───── Given entries ─────

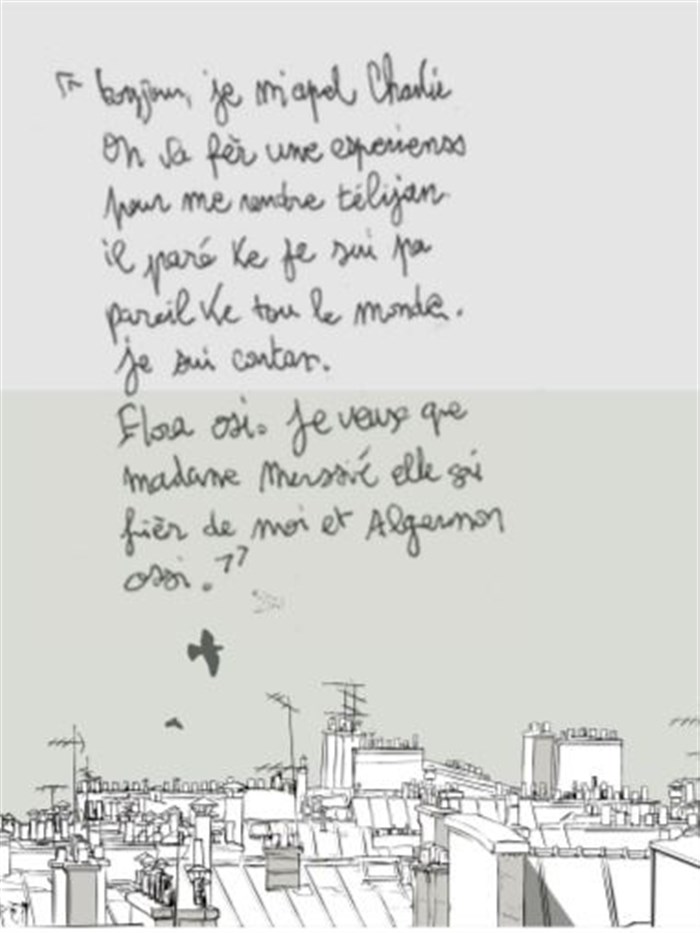 Je sui Charlie on va fer une esperiens pour me rendre intelijan, il paré ke je sui pa pareil ke tou le monde, je sui contan Flora osi. J esper que tu vien, j aime bien ken les jens vien."
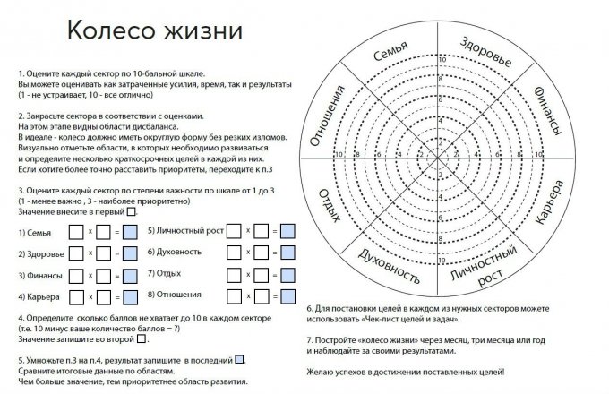 Метод «Колесо баланса жизни» по заявленной информации метод
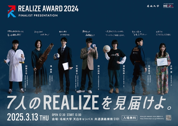 学校法人名城大学(名古屋市天白区)は、2026年の開学100周年を記念して、学生が入学してから夢に向かって挑戦した取り組みを発表するプレゼンテーション大会「REALIZE AWARD 2024」を開催します。昨年に引き続き2回目の開催で、名城大学と名城大学附属高等学校の他、本法人が指定管理法人を務める愛知総合工科高等学校専攻科の学生・生徒から応募を募り、52人がエントリー。書類選考を経てファイナリスト7人を決定し、3月13日(木)にプレゼンテーションします。
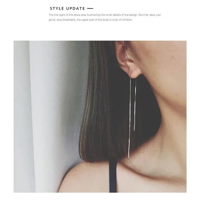 Minimalist Women's Earline Earrings silver-plated Long Chain Earrings, Women's Exquisite Silver Bar Earrings Valentine's Day Gift Engagement Wedding Earrings Gift Jewelry
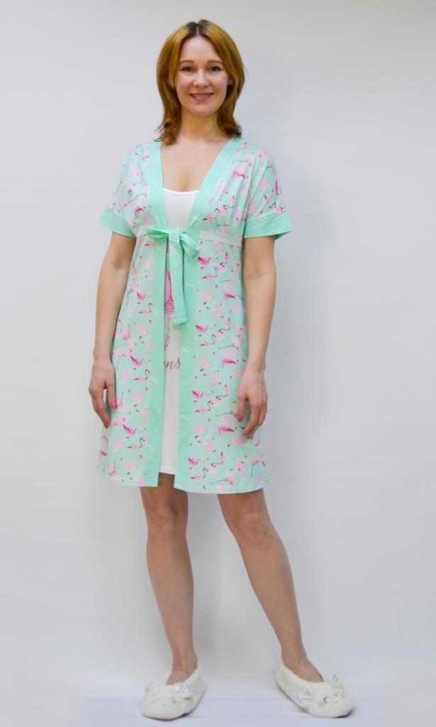 Элегантный домашний халат + сорочка на тонких бретелях из нежного принтованного хлопкового полотна. Оригинальный дизайн и яркий рисунок ткани привлекает внимание и позволяет в домашней обстановке выглядеть стильно и женственно.
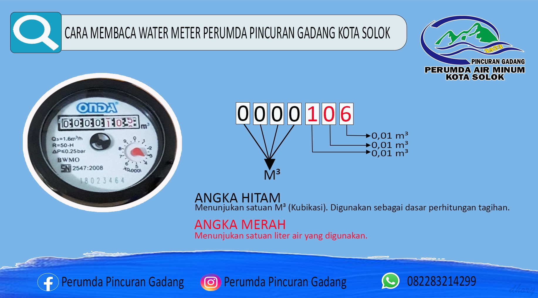 Tahukan Sahabat Air Perumda Pincuran Gadang Cara Membaca Meteran Air ? Pada Meteran Air terdapat beberapa angka yang berwana Hitam dan Merah. Angka Warna Hitam menunjukan Kubikasi Pemakaian air, yang digunakan sebagai perhitungan tagihan setiap bulannya. Angka warna merah menunjukan Liter

─────

Problem details: Hand back all the entries exactly, leaving out the pictures.

Task response:
 Je sui Charlie on va fer une esperiens pour me rendre intelijan, il paré ke je sui pa pareil ke tou le monde, je sui contan Flora osi. J esper que tu vien, j aime bien ken les jens vien."
 Метод «Колесо баланса жизни» по заявленной информации метод
 学校法人名城大学(名古屋市天白区)は、2026年の開学100周年を記念して、学生が入学してから夢に向かって挑戦した取り組みを発表するプレゼンテーション大会「REALIZE AWARD 2024」を開催します。昨年に引き続き2回目の開催で、名城大学と名城大学附属高等学校の他、本法人が指定管理法人を務める愛知総合工科高等学校専攻科の学生・生徒から応募を募り、52人がエントリー。書類選考を経てファイナリスト7人を決定し、3月13日(木)にプレゼンテーションします。
 Minimalist Women's Earline Earrings silver-plated Long Chain Earrings, Women's Exquisite Silver Bar Earrings Valentine's Day Gift Engagement Wedding Earrings Gift Jewelry
 Элегантный домашний халат + сорочка на тонких бретелях из нежного принтованного хлопкового полотна. Оригинальный дизайн и яркий рисунок ткани привлекает внимание и позволяет в домашней обстановке выглядеть стильно и женственно.
 Tahukan Sahabat Air Perumda Pincuran Gadang Cara Membaca Meteran Air ? Pada Meteran Air terdapat beberapa angka yang berwana Hitam dan Merah. Angka Warna Hitam menunjukan Kubikasi Pemakaian air, yang digunakan sebagai perhitungan tagihan setiap bulannya. Angka warna merah menunjukan Liter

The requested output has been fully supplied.